Almost all sidewalks in my area measure 48" the machine is 46" tire to tire. Bucket is 48" so I would have to get a blank and put on a 36" plow of some sort. Reason I asked about the box was because I'm sitting at 3 trucks right now and if bought I would like to bid a some bigger accounts. No Big Walmarts by no means, but something where I might have to stack some snow or use the bobcat and was curious what it could be capable of. I have a better idea now sounds like a good fit for what I'm looking for. Thanks


----------



## Bruce'sEx

a 553 isn't going to stack very high at all, and the bucket size will not move snow from A to B very fast. For pushing snow to clear sidewalks it's a good machine. keep a 48" bucket on or blade for clearing sidewalks, is the best way to use that machine in my opinion.


----------



## jomama45

snocrete;912336 said:


> X's 2........6ft pusher at best. Great sidewalk machine with 5ft plow or blower


X3



Bruce'sEx;912580 said:


> *a 553 isn't going to stack very high at all, and the bucket size will not move snow from A to B very fast*. For pushing snow to clear sidewalks it's a good machine. keep a 48" bucket on or blade for clearing sidewalks, is the best way to use that machine in my opinion.

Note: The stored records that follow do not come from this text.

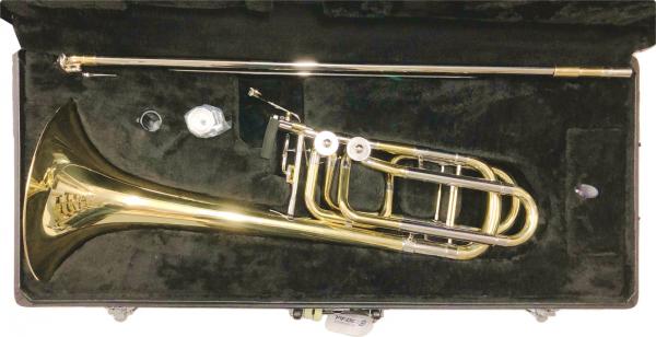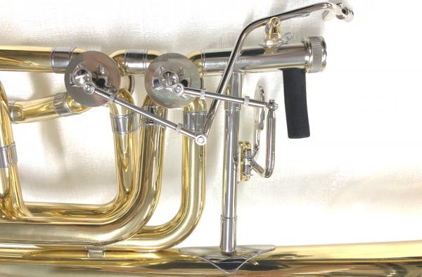 テナーバスと同じロータリーが1つしかない楽器です。ただテナーバストロンボーン と違いベルサイズが大きく 、ボアサイズ (管の内径)が太くなっていてより豊かな低音が出せます。ダブルロータリーより価格は安いです。 低音域の拡大のためにF管の他にもう1つ迂回管があるのでロータリーが2つついています。それに加えベルサイズが大きく 、ボアサイズ (管の内径)が太くなっています。バルブ配置が2種類あり、それによって使える調子が3種類、または4種類かどうか決まります。F管の他にもう1つ迂回管は基本的にはG♭管になりますが、G管のものもあります。G♭管の場合、2つのバルブを使用した際にはD管になり、G管の場合はE♭管になります。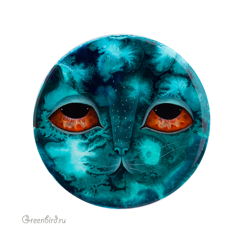 Кабошон сделан из акрила с росписью в смешанной технике, лаковое покрытие. Оборотная сторона не окрашена и не закрыта. На поверхности кабошона допустимы небольшие малозаметные неровности. Предназначен для вставок в бисерную вышивку или плетение.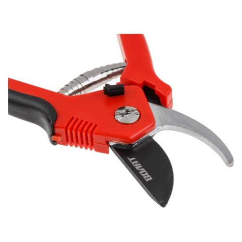 Описание: секатор оснащен резиновой накладкой на верхней рукоятке и боковым фиксатором,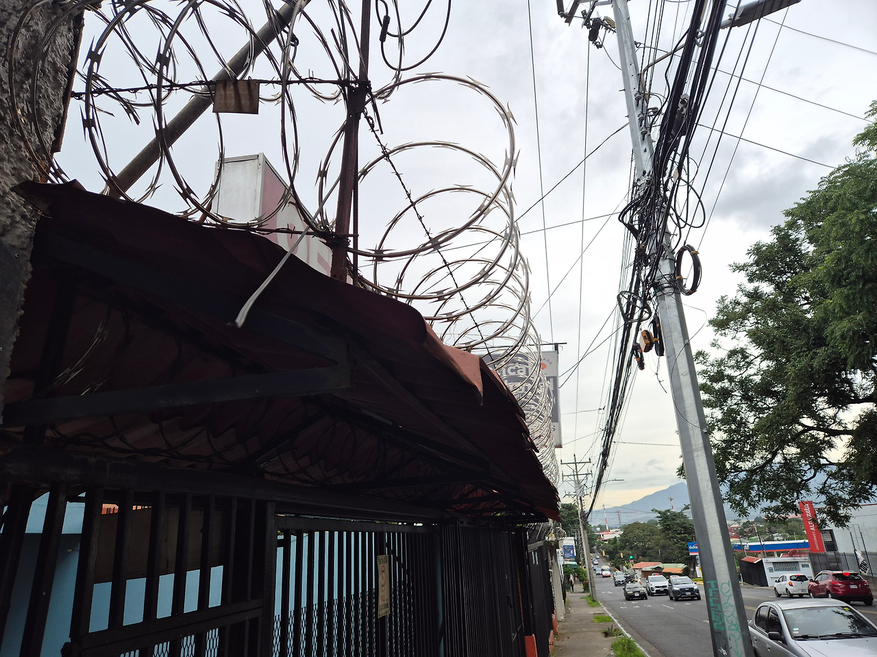 코스타리카의 담장은 특이하게도 철조망이 둘러져 있다. 마치 교도소를 연상하는 그런 철조망도 부족한 경우에는 전기가 흐르는 전기담장이 설치된 집도 많다. 도둑이 많기는 한가 보다.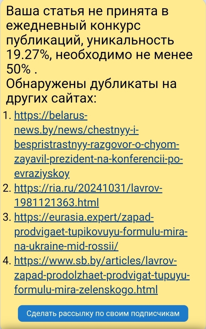 Но как оказалось, моя статья "НЕ УНИКАЛЬНА"!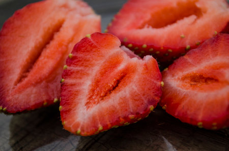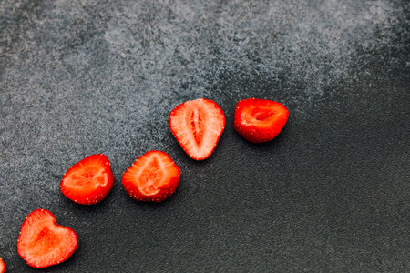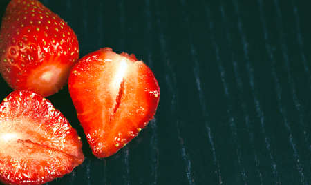 Slices of a fresh red strawberries on a dark wooden table close up. Spring or summer background. Healthy food ingredients theme concept. Image is with copy space.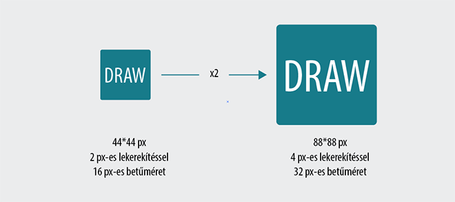 DRAW 44px szélességű normál, nem-retina kijelzőkön, és 88px széles retina kijelzőkön. Most foglaljuk a 20px DRAW-t egy keretbe, mert szereti, ha kényelmesen elfér. Ekkor a keret 40px lesz a retina kijelzőn. De nincs értelme retina pixeleket számolni, ha nem retina kijelzőre tervezünk.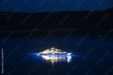 An illuminated luxury yacht in the Adriatiac sea at night in Dalmatia, Croatia.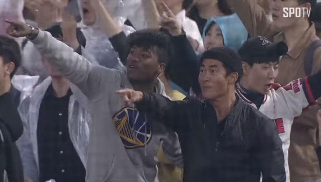 이대호가 홈런을 치자 관중석에 앉아있던 롯데 팬들은 환호했고, 이 가운데 배정남과 한현민의 모습도 중계 카메라에 잡혔다.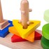 Tournez et tournez chacun des carrés, triangles et cercles en bois colorés pour les faire glisser vers l'un des trois piquets jusqu'à ce qu'ils atteignent la base.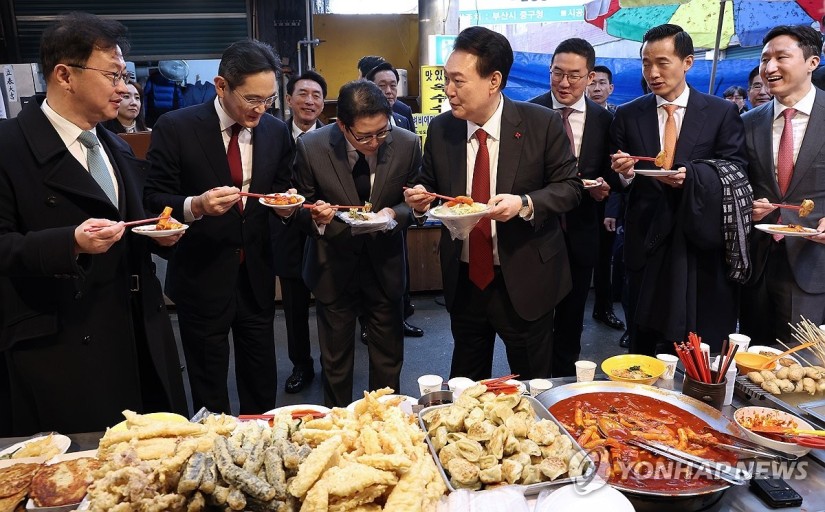 윤석열 대통령의 재래시장 정치는 유별나다. 지난주 부산의 대표 전통시장인 국제시장 일원(국제시장, 부평깡통시장) 방문 이벤트는 기어이 뒷말까지 낳았다. 2030년 세계박람회(엑스포) 부산 유치가 참패로 끝난 뒤 민심을 달래기 위해 기획한 행사가 재벌 총수 들러리 세우기라는 역풍을 불러왔다. 윤 대통령은 깡통시장 분식집에 들러 이재용 삼성전자 회장, 구광모 LG그룹 회장, 최재원 SK수석부회장, 김동관 한화그룹 부회장, 조현준 효성그룹 회장 등과 더불어 떡볶이를 먹는 장면을 연출했다. 대통령과 재벌 총수들이 모여 재래시장에서 서민음식 떡볶이를 먹는 것은 기네스북에 오르지 않을까 싶을 정도로 전례가 없는 일이다.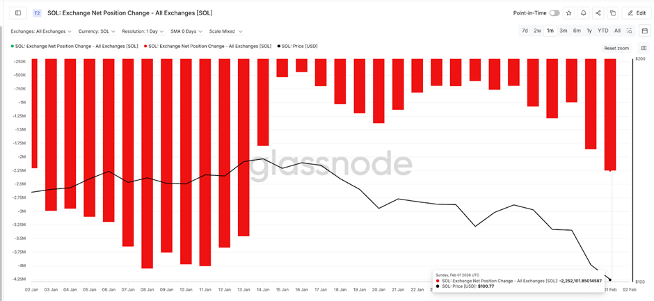 One key metric is exchange net position change. On Jan. 15, net outflows stood near 535,000 SOL. This already suggests some accumulation. When the price dropped close to $100 on Feb. 1, outflows jumped to more than 2.25 million SOL.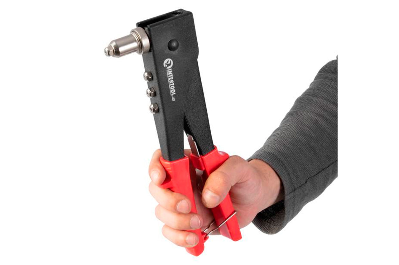 Пистолет заклепочный ручной предназначен для установки стальных и алюминиевых заклепок диаметром 3.2, 4 и 4.8 мм. Есть возможность переставления рабочей головки на 90°, что позволяет работать в сложнодоступных местах. Позволяет скреплять несколько слоев материала или несколько деталей. Сверхпрочный инструментальный металл обеспечивает долгий срок службы. Эргономичные пластиковые насадки на ручки создают комфорт при работе с инструментом.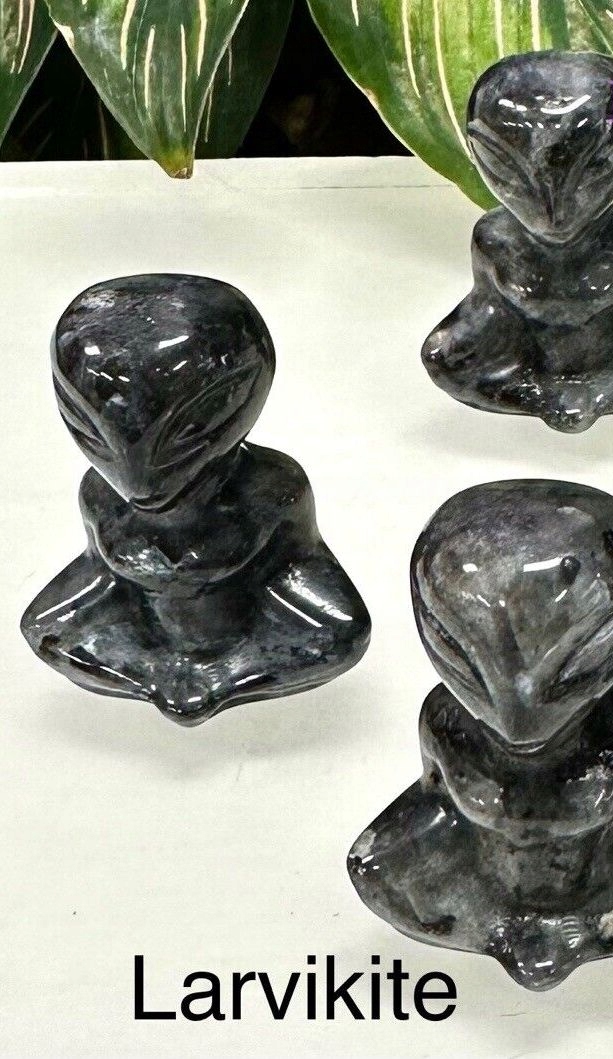 Фігурка прибульця, виготовлена з ларвікіту, також відомого як норвезький лабрадорит. Він буває різних відтінків сірого; він також може мати суміш темно-синіх, зелених і чорних відтінків.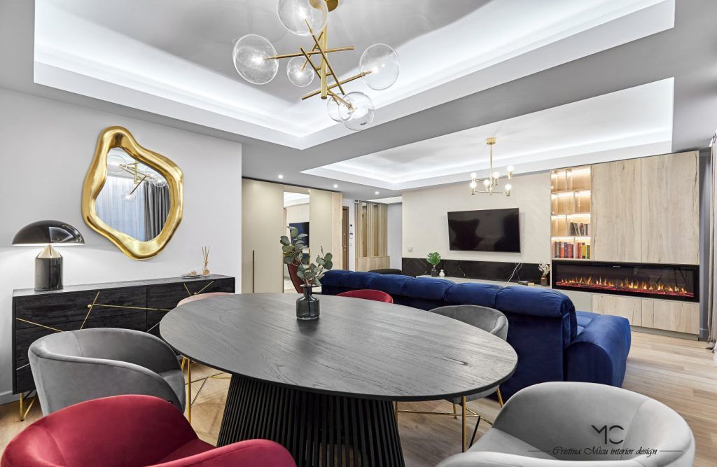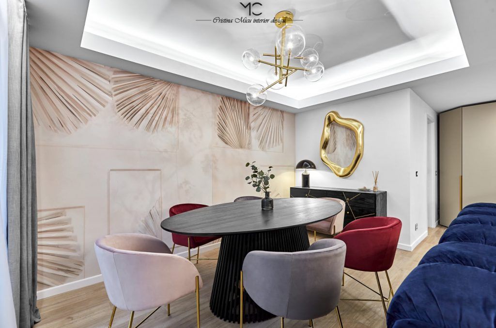 Diningul este tratat ca o extensie stilistica a zonei de living. Regasim un tapet interesant marca Glamora pe fundalul caruia se proiecteaza scaunele elegante, alese in nuante diferite de catifea.
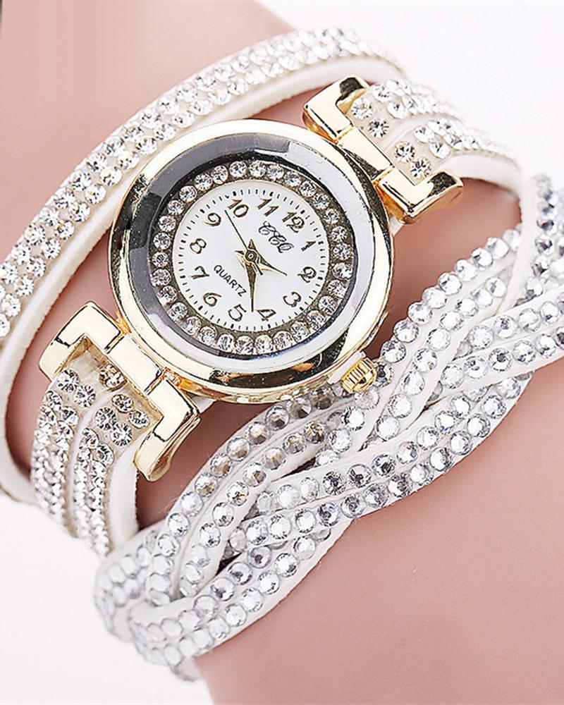 1pc Allover Rhinestone Braided Bangle Quartz Watch, White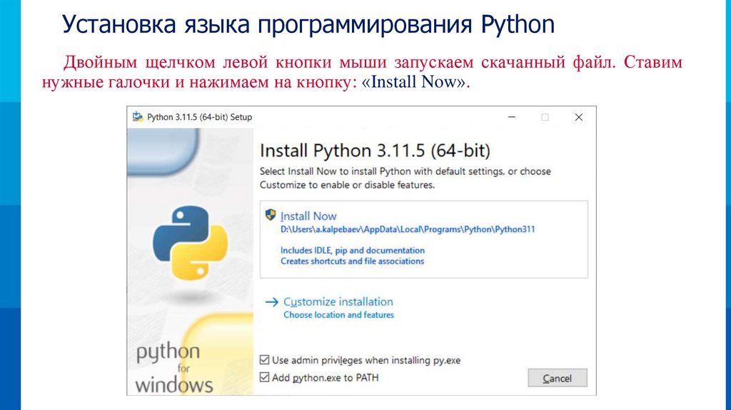 Установка языка программирования PythonДвойным щелчком левой кнопки мыши запускаем скачанный файл. Ставим

Agreed. Don't plan on replacing a truck with a machine this size. I think you'll get the most use out of a machine like this after the storm. I'd keep an open mind & look at a 1500# machine if you're only going to have one machine. The 553 seems better complimenting a bigger machine, or highly specialized work.

Good luck.


----------



## heather lawn spray

We've been running the next size down, the 443/463 for 15 years. It's good to 4 feet wide, so I don't imagine the 553 would be much over 6 foot for operating capacity. Our 463 travels with a truck as a detailing machine, along side the plow truck.


----------



## wiseguyslawn

The T110 looks like a nice machine as well for a compact loader but still probably not enough to cut it for the snow. What model would you guys recommend, for what I want to use it for 6-8 foot box, stacking, summer smaller landscape jobs, mulch, soil, etc. Thanks. Didn't buy the 553 think It would be great for now but a couple years would have to buy a bigger skid.


----------



## snocrete

wiseguyslawn;913598 said:


> The T110 looks like a nice machine as well for a compact loader but still probably not enough to cut it for the snow. What model would you guys recommend, for what I want to use it for 6-8 foot box, stacking, summer smaller landscape jobs, mulch, soil, etc. Thanks. Didn't buy the 553 think It would be great for now but a couple years would have to buy a bigger skid.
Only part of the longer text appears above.